The molecular orbitals are displayed in a similar fashion to the SCF section of the output except that the energies of the active orbitals are not defined and therefore are displayed as zero and the electron occupancies are those calculated by the RASSCF module. In a state average calculation (more than one root calculated), the MOs will be the natural orbitals corresponding to the state averaged density matrix (called pseudo-natural orbitals) and the occupation numbers will be the corresponding eigenvalues. Natural orbital occupation numbers for each state are printed as shown in Figure 6.9, but the MOs specific to a given state are not shown in the output. They are, however, available in the JOBIPH file. A number of molecular properties are also computed for the requested electronic state in a similar fashion to the SCF module.


6.7.2 Storing and Reading RASSCF Orbitals and Wave Functions

Part of the information stored in the RASSCF output file, JOBIPH, for instance the molecular orbitals and occupation numbers can be also found in an editable file named RASORB, which is automatically generated by RASSCF. In case more than one root is used the natural orbitals are also stored in files RASORB.1, RASORB.2, etc, up to ten.
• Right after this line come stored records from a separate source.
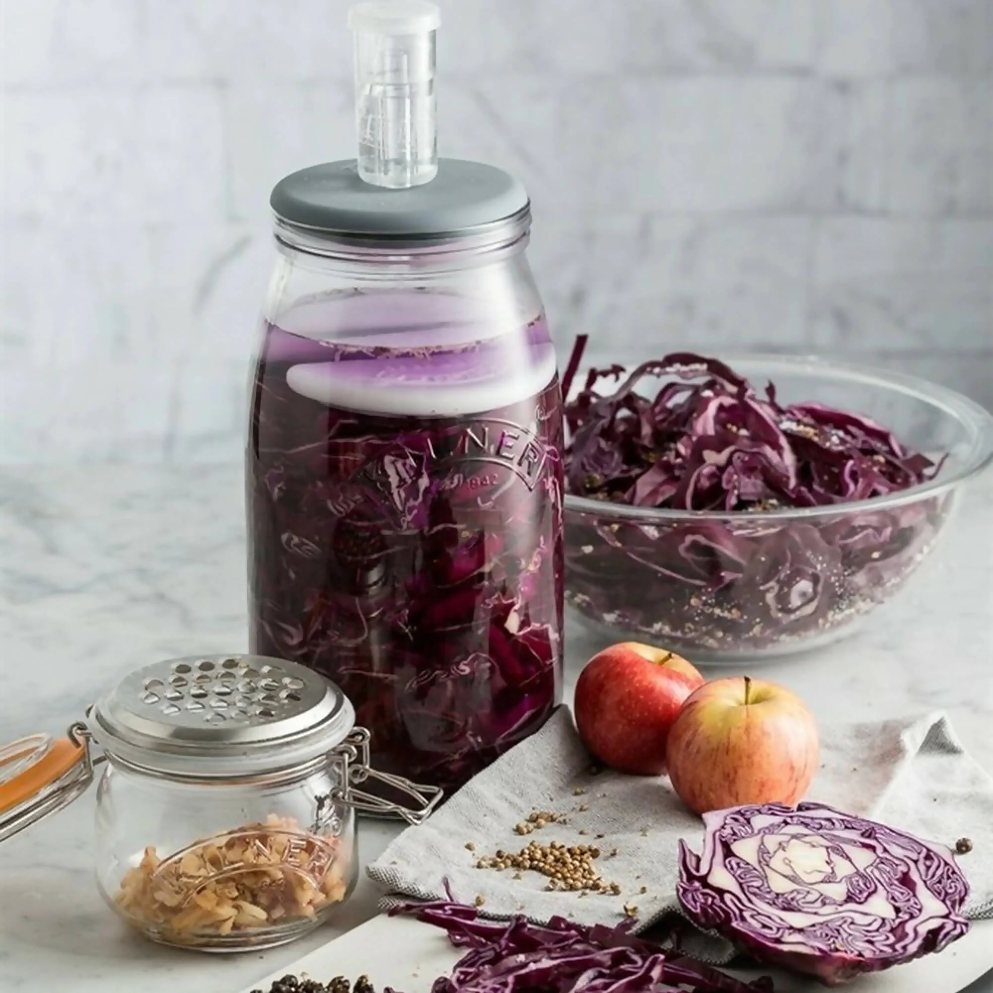 El set de fermentación Kilner proporciona la manera fácil de crear sus propios alimentos fermentados deliciosos llenos de vitaminas, minerales y cultivos probióticos. Perfecto para crear cultivos vivos de chucrut, kimchi, pickles y mucho más. Crear sus propios alimentos fermentados es sencillo, solo agregue sus verduras favoritas, agua y sal. IMPORTANTE: Cuando llene su frasco Kilner, asegúrese siempre de dejar un espacio libre máximo de 6,5 cm.El set incluye: 1 frasco de fermentación de 3 litros, 1 tapa de silicona, 1 bloqueo de aire, 2 piedras de cerámica y 1 recetario.
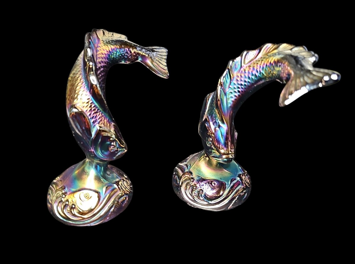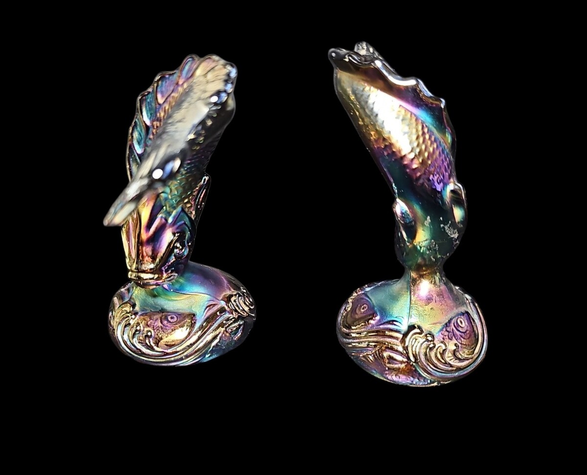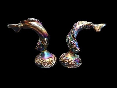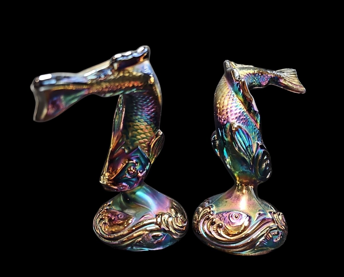 These pieces were made by Fenton Art Glass and are sometimes referred to as ?jumping trout? or ?koi fish? figures. Each one measures approximately 6 inches tall and displays classic Fenton craftsmanship with rich luster and strong mold definition.
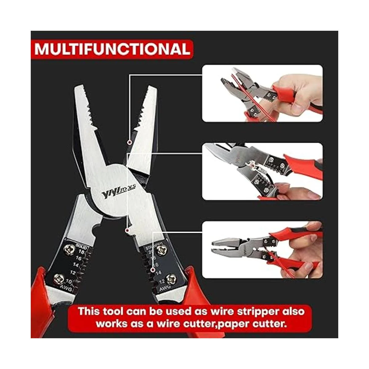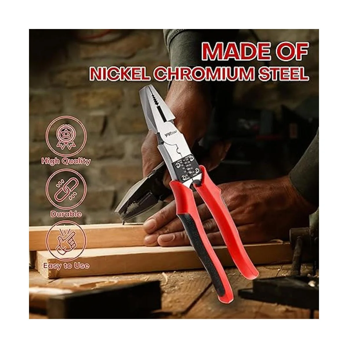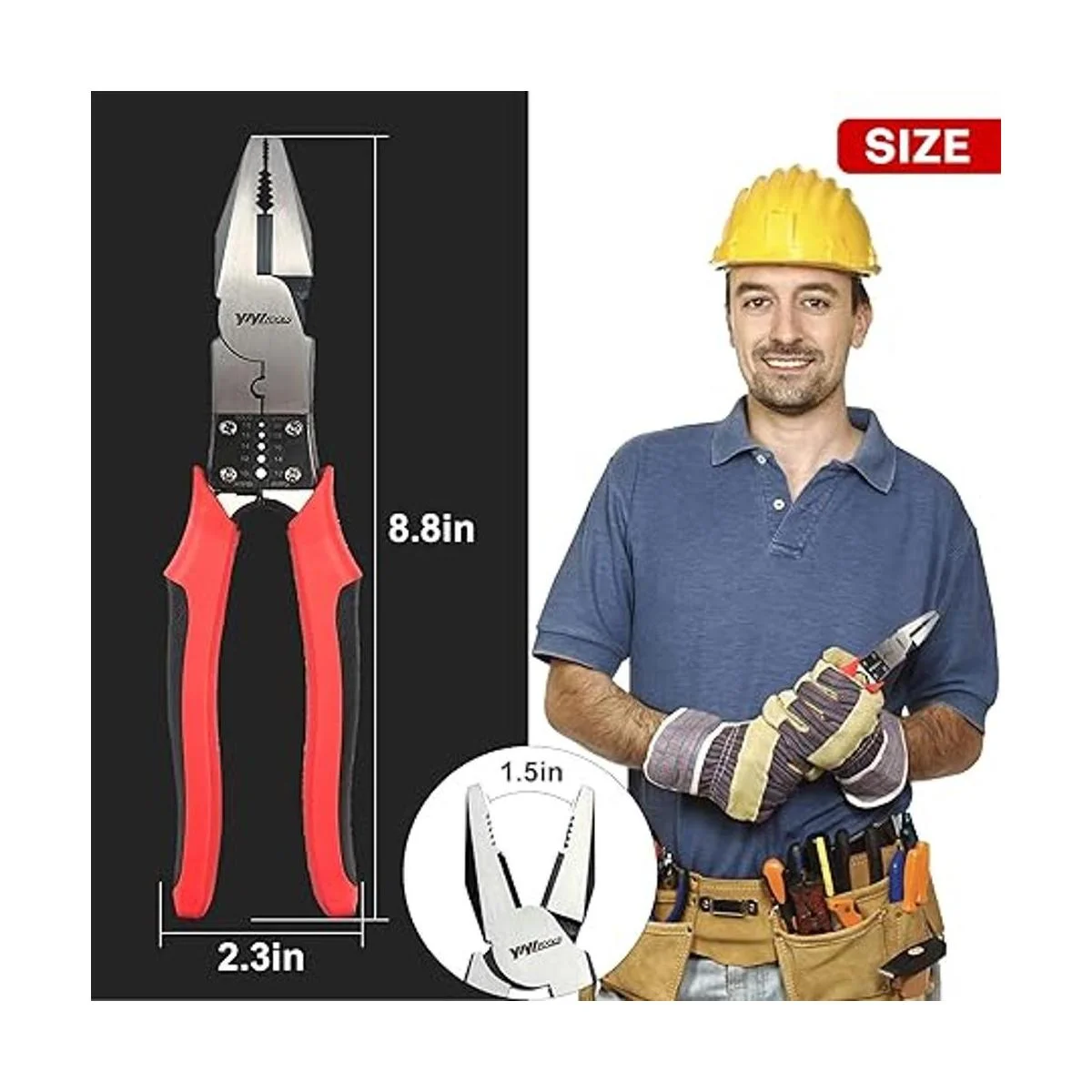 YIYITOOLS Alicates para operarios, alicates combinados con pelacables, crimpador, cortador, muy resistentes, gran función de apalancamiento al cortar, 8.5 pulgadas, HX1002
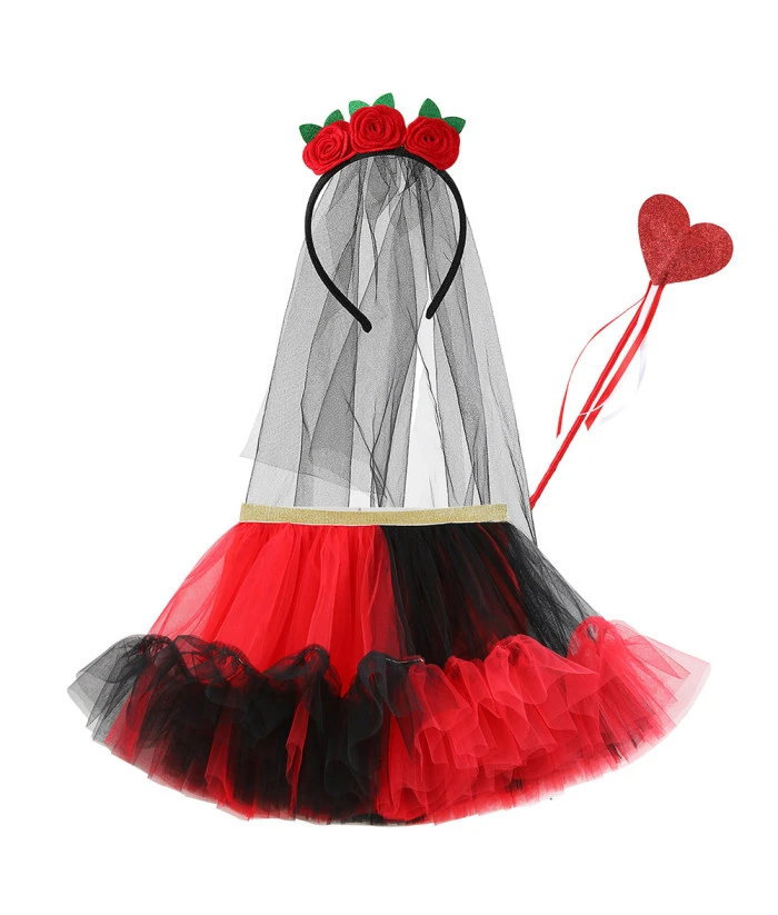 Buy Kids Children Red Black Heart Bride Tutu Skirt 3 Pcs Halloween Costume.Best Choice for Halloween, cosplay, carnival, comic-con, party, Christmas, Xmas, masquerade and etc.
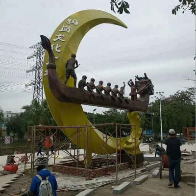 文化廣場擺放大型不銹鋼抽象月亮劃龍舟人物景觀雕塑
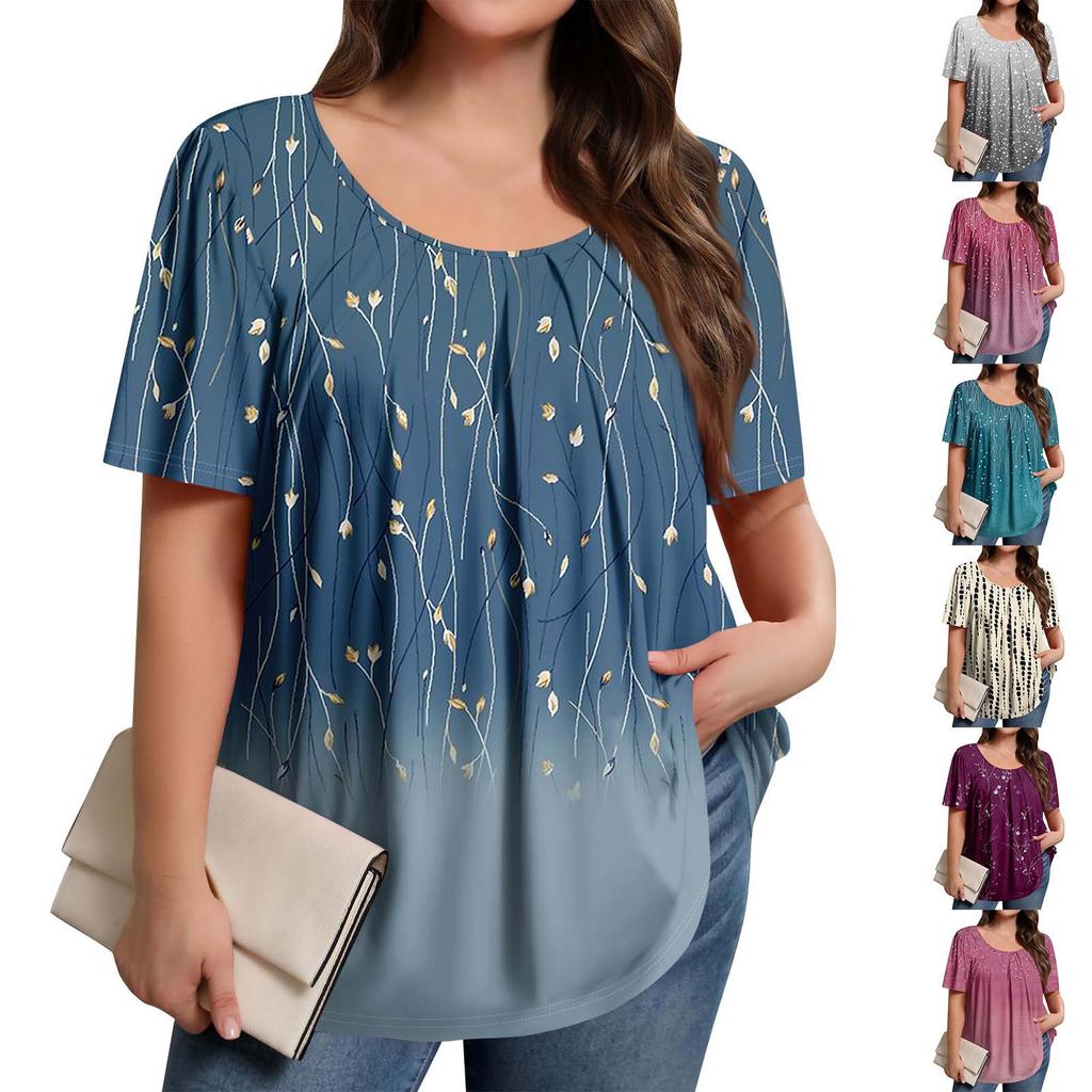 Plus Size Women's Casual Round Neck Pleated Short Sleeve Color Top
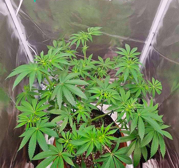 Десятая неделя ознаменовалась тем, что Strawberry OG Cookies окончательно занял все пространство тента. Куст вытянулся до 45 см и сформировал равномерную крону. Я провел, скорее всего, последнюю крупную дефолиацию. Убрал нижние листья, мелкие ростки и лишнюю листву внутри кроны, чтобы улучшить циркуляцию воздуха и доступ света к будущим соцветиям. После такой стрижки куст выглядит аккуратным и сбалансированным, а нагрузка на вентиляцию в боксе заметно снизилась.

In such cases the file RASORB contains the averaged orbitals. If more roots are used the files can be generated using the OUTOrbitals keyword. The type of orbital produced can be either AVERaged, NATUral, CANOnical or SPIN (keywords) orbitals. The OUTOrbitals keyword, combined with the ORBOnly keyword, can be used to read the JOBIPH file and produce an orbital file, RASORB, which can be read by a subsequent RASSCF calculation using the same input section. The formatted RASORB file is useful to operate on the orbitals in order to obtain appropriate trial orbitals for a subsequent RASSCF calculation. In particular the type index can be changed directly in the file if the RASSCF program has converged to a solution with wrong orbitals in the active space. The RASSCF program will, however, automatically place the orbital files from the calculation in the user's home directory under the name $Project.RasOrb, etc. In calculations with spin different from zero the program will also produce the spin orbital files $Project.SpdOrb1, etc for each state. These orbitals can be used by the program LUSCUS to produce spin densities.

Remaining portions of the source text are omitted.